The Siri for Families Apple Will Never Build

(taoofmac.com)

23 points | by rcarmo 1 hour ago

3 comments

  • ericwaller 27 minutes ago
    I find the idea of IRL multi-user UX really interesting. So much of modern computing is built around a 1-to-1 model of users and devices. And then multi-player, collaboration features are built on top of that. Sometimes they’re quite slick (ex. figma) and sometimes they’re pretty clunky (ex. apple family sharing stuff).

    But what’s really lacking is a model for multiple people sharing a single computing experience in real life. Companion mode in Google Meet or Spotify Jam are two attempts but both still force you through the one user, one device path.

    Two adults sitting in a car shouldn’t have to constantly think “whose phone is this?” connected to CarPlay. Especially when they’re part of the same Apple “family” and on a Spotify family plan.

    Two people seamlessly interacting with one “system” would break all sorts of auth and other assumptions, but it seems worth figuring out as computing becomes more and more prevalent in every facet of life.

    • xattt 21 minutes ago
      There’s an opportunity to also build “computing homes”. Say that a number of devices are within a household, some mobile and some desktop.

      Imagine harnessing the desktop devices within the home for a family-focused OpenClaw, Xgrid-style, rather than offloading to some server far away that is unaware of the general context of a household.

  • gizajob 31 minutes ago
    I agree - this isn’t complicated. It seems to me that the issue arises from Apple’s “what-if-ism” - what if you get divorced, what if one of the kids grows up and stops speaking to you, what if the dog dies etc etc, a million different versions of which will get them bad press: “Apple told me to go and pick up my dead child’s cancer medication!” Hence it falls into the Steve Jobs “we say NO to a thousand good ideas before we say yes to one”.

    And also living without it doesn’t really affect Apple’s bottom line. But yeah I wish I had an AI assistant in my iPhone which would text back my parents with what I’m doing today and reply to their needless updates I get since buying them smartphones.

    Siri in general seems to be, for me at least, superfluous. The answer to most questions I ask is “I don’t know” or “I didn’t catch that” or “I can’t”. AI in general is still causing me major question marks, especially where it comes to the valuations right now on the stock market. This morning I was watching Bloomberg at the European open and noticed one of my stocks wasn’t really moving as usual, and the presenter then announced that the Nordic markets were closed today because of the Ascension Day public holiday. So I googled “is the Danish stock market open today?” and naturally Google’s AI was the top link, proudly announcing “Yes! The Danish market is open today, here are the hours yadda yadda”. I scrolled down and found the actual link to the market and it showed that, of course, the market is closed, it’s ascension day. So I asked the Google AI - “are you sure about that?” and it thought again and found out that “no, the Danish stock market is closed today. I apologise for telling you it was open without checking”. Honest to god this is the tech that’s putting Nvidia at a $5.5Trilion valuation and keeping the market at all time highs right now? A technology that makes even Google worse?

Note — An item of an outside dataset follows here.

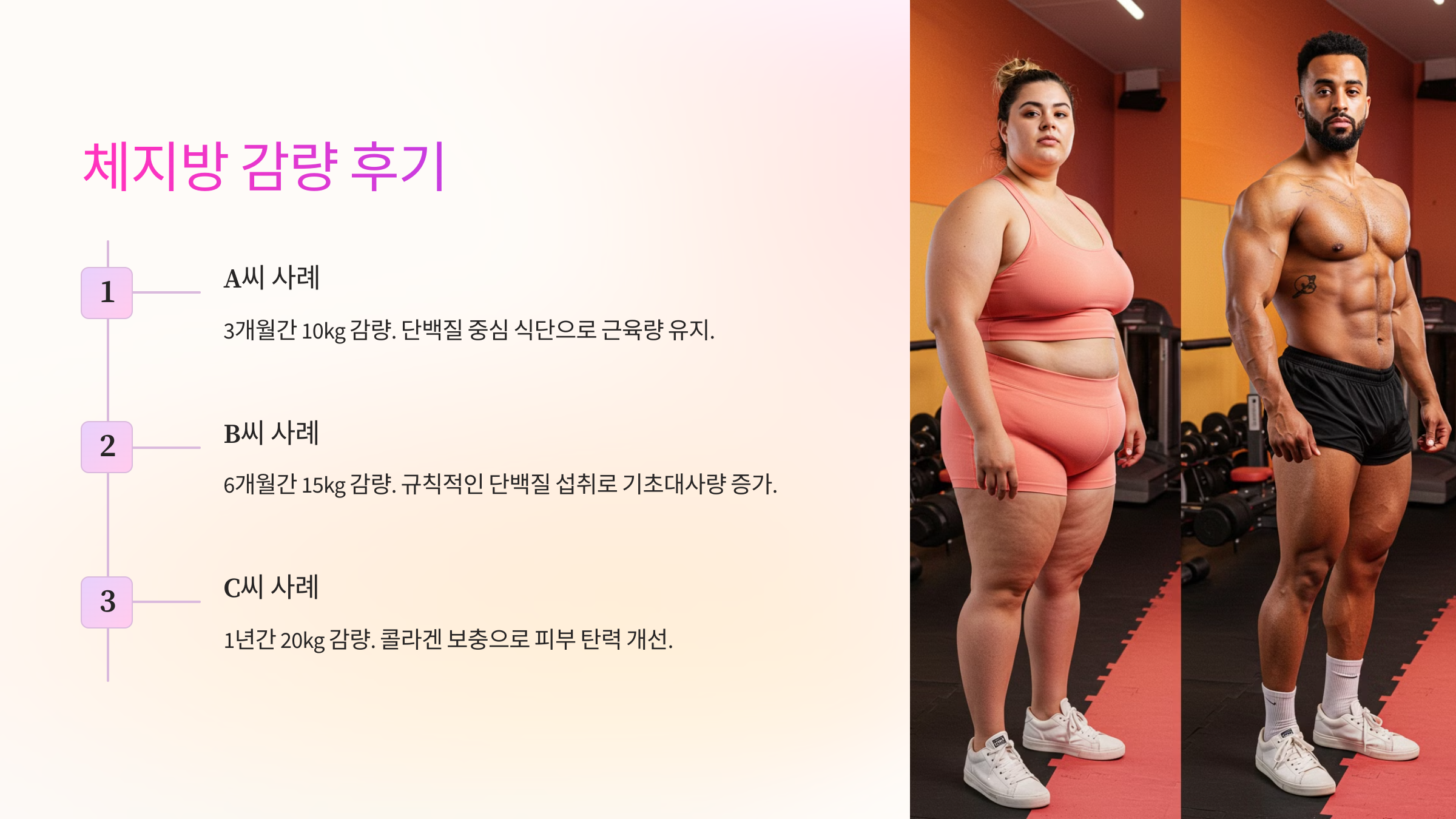 📊 이들의 공통점은? 무리한 굶기 없이, 단백질로 식사 구성 개선을 했다는 거예요. 건강한 감량 = 영양을 충분히 채워주면서 활동량을 늘리는 게 정답이랍니다!

    • abustamam 17 minutes ago
      AI is really bad at current events and the concept of "now." I have a Claude project for bouncing questions off about my daughter (<1yo) and I have her date of birth in it, with the intention that new chats would be able to infer her age.

      It will get it right most of the times, but sometimes it puts her as wildly younger than she is, and once it even said she wasn't born yet so I should prepare for xyz.

  • shay_ker 26 minutes ago
    hm yeah. it could be nice for apple to have a list of shortcuts that'd actually be useful based on real activity. but getting all the info needed is hard.